Monday, May 24, 2010

The Plague.

...not to be confused with the novel by Camus. I shudder to recall that English 101 nightmare...

(The good stuff is at the end of this post. Unless you prefer my academic life to my ranty, humanitarian-philosopher life.)

So, through no fault of my own, I was given a great deal of academic good fortune, this evening. All day I was sort of dreading having to take a Logic quiz AFTER my lab in Astronomy (which goes until 10:00pm on Mondays). And I was trying to study at work but not really succeeding.

And then, an hour and fifteen minutes into our lecture in Astronomy, my teacher says she needs to take a break and she's off to the restroom. Ten minutes later, a fellow student (also coming from the bathroom) enters with a message from the teacher: she will not be able to continue tonight. Go home.

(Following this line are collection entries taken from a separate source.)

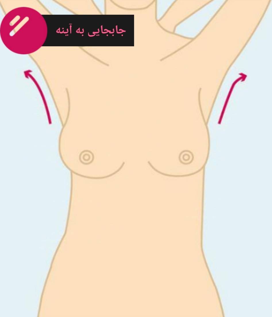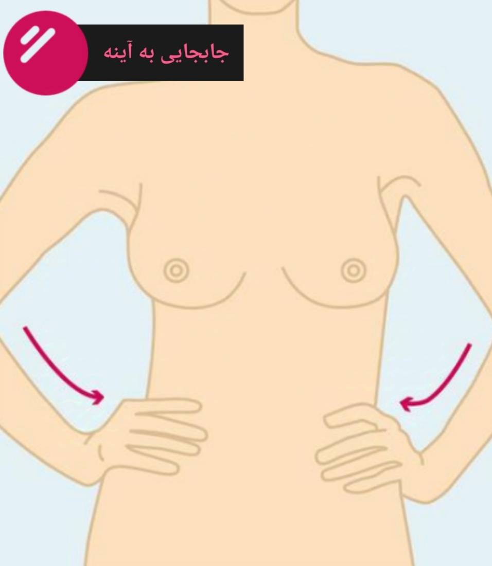 صاف بنشینید و دست هایتان را روی ران هایتان بگذارید. به کمک آینه، تلفن همراه یا یکی از دوستان تان، سینه های خود را بررسی کنید.
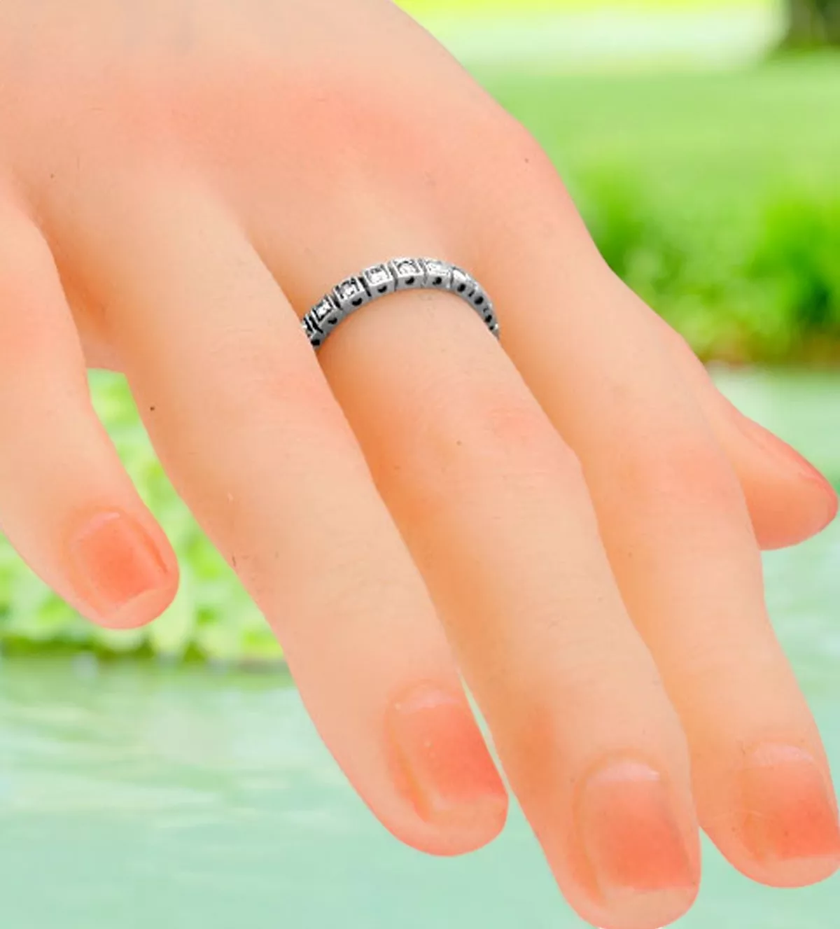 El diseño del anillo de compromiso “Eternidad” es, sin duda, una de las características que lo hacen destacar. La disposición de los 22 brillantes en boquillas cuadradas crea un patrón continuo y simétrico que rodea todo el anillo, simbolizando el ciclo eterno del amor. Las ventanas circulares en cada engaste multiplican los destellos de claridad, permitiendo que la luz fluya a través de los diamantes desde todos los ángulos.
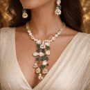 Make a statement of unparalleled grace with this handcrafted Polki necklace. Featuring a dramatic cascading design of brilliant uncut stones and rich emerald accents, this set reimagines heritage motifs with a modern, minimalist edge. Its intricate craftsmanship and fluid drape offer a luxurious feel, making it the ultimate centerpiece for a high-fashion wedding or engagement look.
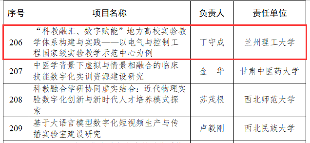 6月20日,教育部發布《教育部高等教育司關于公布實驗教學和教學實驗室建設研究項目立項名單的通知》(教高司函〔2024〕6號),電信學院丁守成教授團隊負責申報的《“科教融匯、數字賦能”地方高校實驗教學體系構建與實踐—以電氣與控制工程國家級實驗教學示范中心為例》項目獲得立項。
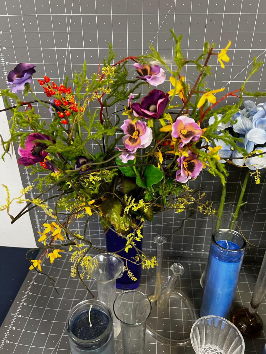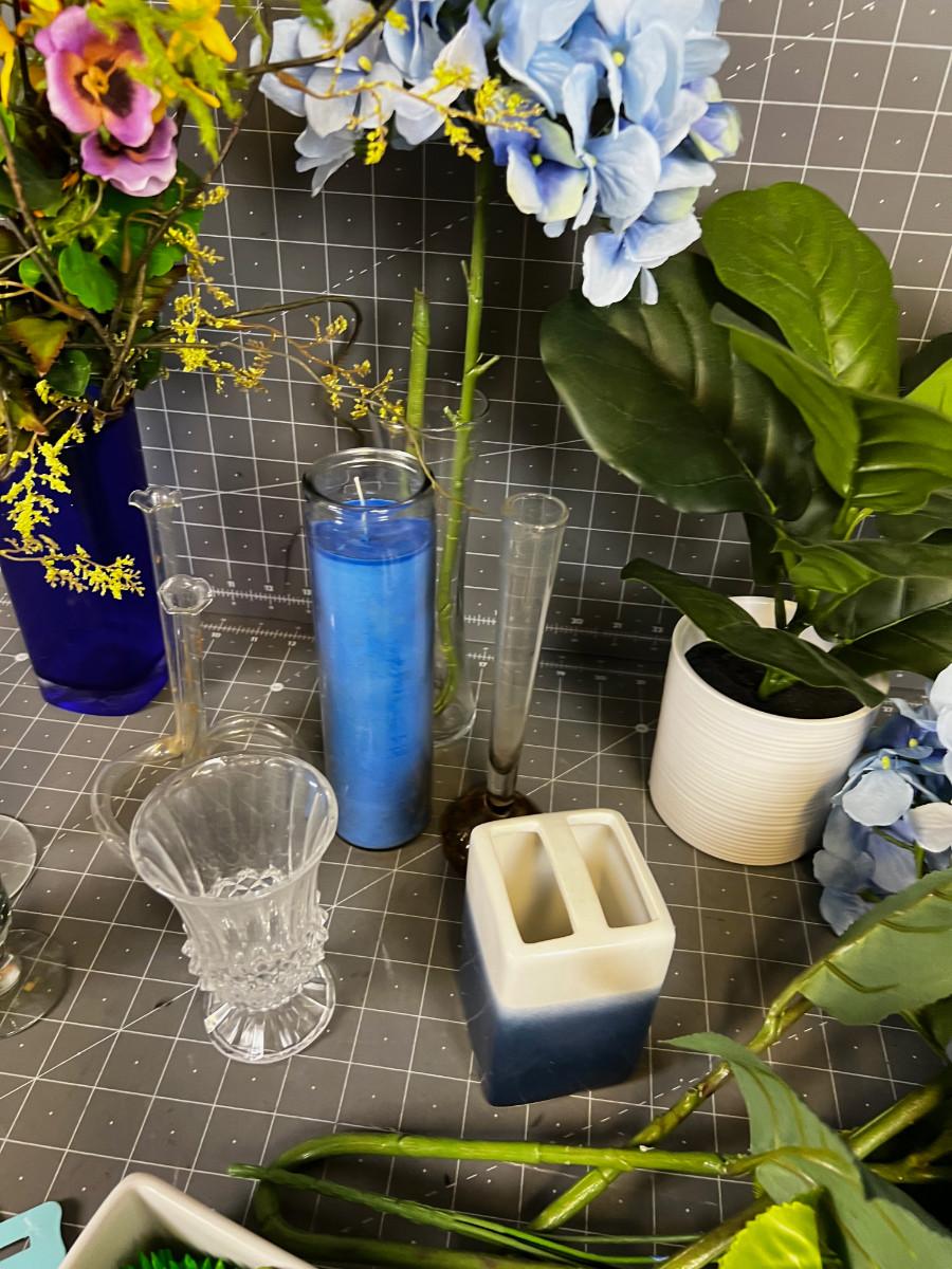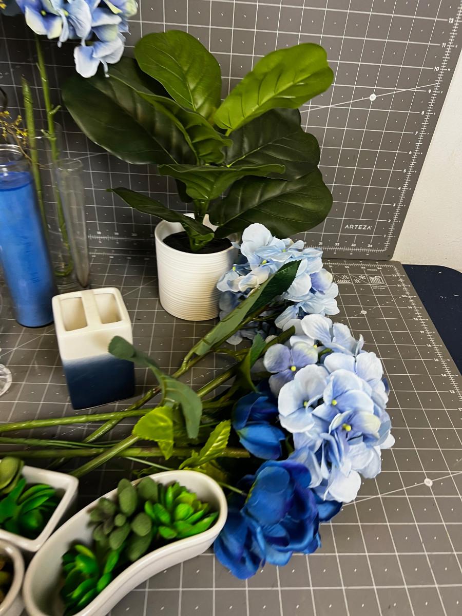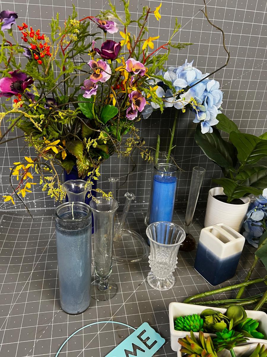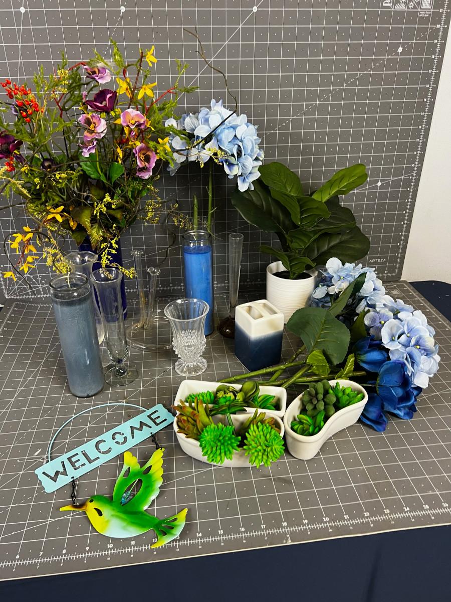Glass, Silk Flowers, Succulents Blue Themed lot

This would sound like a cruel prank, but this student is the most reliable in the class and our teacher had admitted to feeling quite ill earlier. So we collected our stuff for the lab due Wednesday and left class.

I was home by 7:45.

Then my poor LOGIC teacher, while physically fine, was entrenched in a mental battle of wits with himself, and decided that our quiz tonight should be easier than normal because he kept changing our syllabus.

So I was done with my Logic quiz by 8:30, and the rest of the night is mine.

Some thoughts before I depart:

1. Everyone needs someone.
2. Human beings were not meant to be lonely.
3. Emotionally speaking, our universe is WAY too big for us to spread out the way we do. Does that sound contradictory? I don't think it is. When you think of the sheer size of our planet, solar system, galaxy, local cluster, and universe...when you THINK of how MINISCULE we are in comparison with anything else...why oh why would we even THINK of doing the stupid, inane, ridiculous, knuckle-headed, cruel, and thoroughly human things we do to alienate ourselves from one another? Why, when we should cling to each other in rabid, passionate hope in the midst of the mysterious darkness that makes up 80% of the space in space, do we lash out in pettiness and fear? Maybe if we all spent time looking up and out at what we don't understand then we'd spend a lot more time moving in and near to one another.

That's all.

-The GLS
PS: I'm not saying I'm lonely, don't worry. I just got very ranty all of a sudden...

PSS: The "That's all" above sounds a lot cooler if you read it in the deadpan voice of Meryl Streep's character in "The Devil Wears Prada".

PSSS: With the above statement, did I just single-handedly take all of the depth and profundity out of my rant? Oops.